#### TASK ITEM
Repeat the data below in full. Pictures must not be part of the copy.

#### PROVIDED DATA
_ _ _ _ _

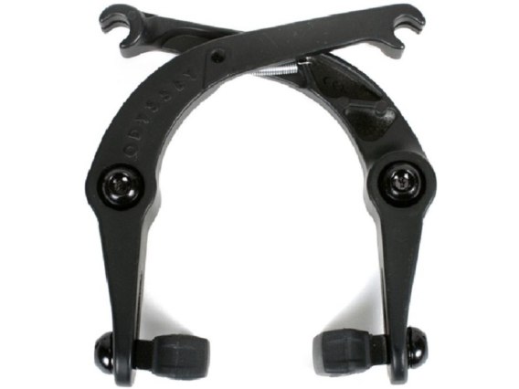 Springfield Brake One of the most important goals that we had when we sat down to work on new braking designs was to make the whole system easier to install (and remove) without sacrificing performance. We also wanted to be sure that every component would be very affordable too. The Springfield Brake drops the two ordinary (and confusing) brake springs and replaces them with one central spring that applies the same force to each arm, requiring no additional adjustment. This makes assembly incredibly easy - just bolt it on and go. The brake arms are designed to maximize stiffness and save weight without adding excessive cost. By die-casting the arms and using shared tooling to make each side, the Springfield meets all of the original design goals, resulting in a very powerful and affordable brake. Also available in a kit with matching lever and cable. Features Hassle-free installation More clearance for larger tires One spring design Can be used for front or rear
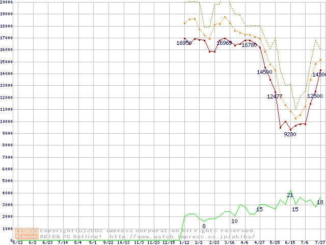 メモリ主要製品の最安値推移
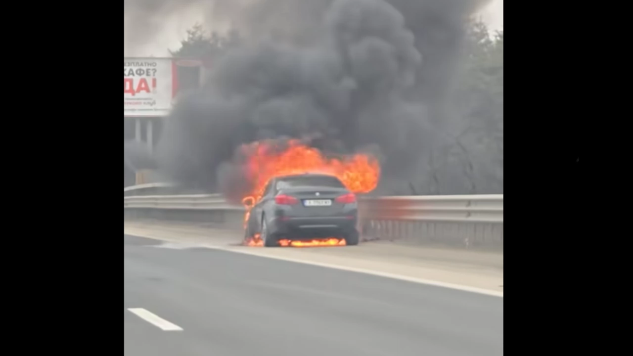 Автомобил изгоря на магистрала „Тракия“ малко след Вакарел в посока Бургас.

_ _ _ _ _

#### RESULT OF THE EXERCISE
 Springfield Brake One of the most important goals that we had when we sat down to work on new braking designs was to make the whole system easier to install (and remove) without sacrificing performance. We also wanted to be sure that every component would be very affordable too. The Springfield Brake drops the two ordinary (and confusing) brake springs and replaces them with one central spring that applies the same force to each arm, requiring no additional adjustment. This makes assembly incredibly easy - just bolt it on and go. The brake arms are designed to maximize stiffness and save weight without adding excessive cost. By die-casting the arms and using shared tooling to make each side, the Springfield meets all of the original design goals, resulting in a very powerful and affordable brake. Also available in a kit with matching lever and cable. Features Hassle-free installation More clearance for larger tires One spring design Can be used for front or rear
 メモリ主要製品の最安値推移
 Автомобил изгоря на магистрала „Тракия“ малко след Вакарел в посока Бургас.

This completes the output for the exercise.